November 1, 2009 (WASHINGTON) – The Sudanese government today stepped up its criticism of the African Union (AU) panel headed by former South African president Thabo Mbeki for recommending a hybrid court to try Darfur war crimes suspects.
This week, the 15-member AU Peace and Security Council (PSC) endorsed the report compiled by the high level on Darfur including calls for a special court consisting of non-Sudanese judges.
But Khartoum gave the proposal a cool reception with 2nd Vice president Ali Osman Taha telling the PSC in Abuja that the judicial mechanism requires further discussion and stressing that Sudanese law and competence of judiciary “provides the necessary framework to achieve justice”.
Yesterday Sudanese presidential adviser Mustafa Osman Ismail reiterated this position saying that “the sovereignty of Sudan and the independence of its judiciary must be respected”.
Sudan official news agency (SUNA) quoted a senior National Congress Party (NCP) as saying that his party has full confidence in the ability of the local judiciary to achieve justice in Darfur.
The political bureau officer at the NCP Mandoor Al-Mahdi also accused the International Criminal Court (ICC) prosecutor Luis Moreno-Ocampo of standing behind the hybrid court proposal.
“After Ocampo failed in furthering his agenda through the ICC he now wants to find another entry though the so-called hybrid court” Al-Mahdi said.
This week the ICC prosecutor hailed the special tribunal proposal made by Mbeki’s panel saying that it would complement his court’s work.
“The primary responsibility lies in national states,” Ocampo told Reuters. “The ICC is just doing a piece — prosecuting the most responsible — but then there are other efforts needed”.

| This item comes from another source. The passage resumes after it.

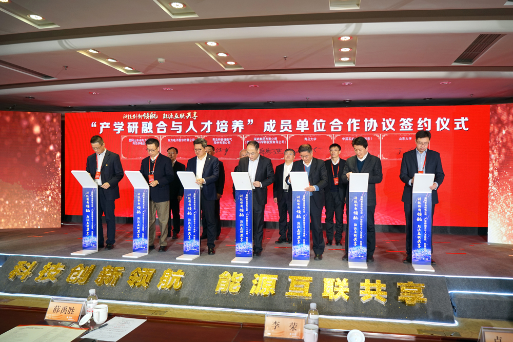 論壇上,來自市政府、省電力公司、高校、科研院所和企業的相關領導圍繞“產學研融合與人才培養”開展座談研討,并為“產學研融合與人才培養”平臺西海岸新區和膠州上合示范區領航基地揭牌;國網青島供電公司、山東大學、中國石油大學(華東)、青島大學、南瑞集團股份有限公司等14家單位進行了合作協議簽約儀式。

The Mbeki panel made an implicit endorsement of the ICC prosecutions in Darfur, contrary to the position taken by the AU which criticized the arrest warrant issued this year for Sudanese president Omer Hassan Al-Bashir and instructed its members not to cooperate with the Hague based tribunal in apprehending Bashir.
“This prosecutorial policy inevitably leaves the overwhelming majority of individuals outside of the ICC system and still needing to answer for crimes they might have committed…. justice from the ICC, exclusively, would therefore leave impunity for the vast majority of offenders in Darfur, including virtually all direct perpetrators of the offences” the AU panel report says.
Today a former UN official also criticized the Mbeki panel recommendations on justice saying that it will place Sudan “under international guardianship” and is an infringement on the country’s sovereignty.
“The wise men panel report on this regard is a late wisdom and advanced gullibility and whoever agrees to this proposal has effectively endorsed this late wisdom and hailed this advanced gullibility” the former director general for the World Intellectual Property Organization (WIPO) Kamil Idris told the Al-Sudani newspaper in an interview.
Idris, who noted his friendship with Mbeki, suggested that the outcome of the report was a result of international pressure leading to “non-African solutions” stressing that Sudanese judiciary has excellent regional reputation.
However, a prominent Islamist writer today warned that the Sudanese government must accept the justice tools put forward by Mbeki.
“[Taha’s response] is a sealed rejection [of the hybrid court] that will eventually be uncovered. The [Mbeki] commission was aware of what he was referring to which is why it recommended changing judicial legislation. Ali Osman the Vice president should have answered as to why the Sudanese judiciary did not carry out its duties towards Darfur crimes over the last six years” Al-Tayib Zein Al-Abdeen wrote today in the independent Al-Sahafa newspaper.
“It is not hard for anyone to realize why the government is foot dragging on this matter all these years because its hands are not totally clean from these [Darfur] violations. All the world’s conspiracies will not clear the government from what it committed against its people in Darfur in heinous crimes” Al-Abdeen said.
“The government will find itself more under siege than ever. The AU stood on the side of the government more than any other international group and it is hard for the government to accuse it of serving imperialist colonialist goals against Sudan or that it stands against Islam and Muslims” he added.
Mbeki told reporters this week that Khartoum accepted hybrid court but that it would need further discussions with the AU especially where it concerned the hybrid court.
“They will look at what the Sudanese constitution allows with regards to that because this will be a precedence that has not been tried on the African continent before,” he said.
In order to allow for establishment of the special court, the panel wants Sudan is to change its laws to allow participation of foreign judges, something which Khartoum rejects.
Despite the opposition made by Khartoum to the AU report, observers express skepticism that the pan-African body will be willing to exert pressure on Sudan to implement it.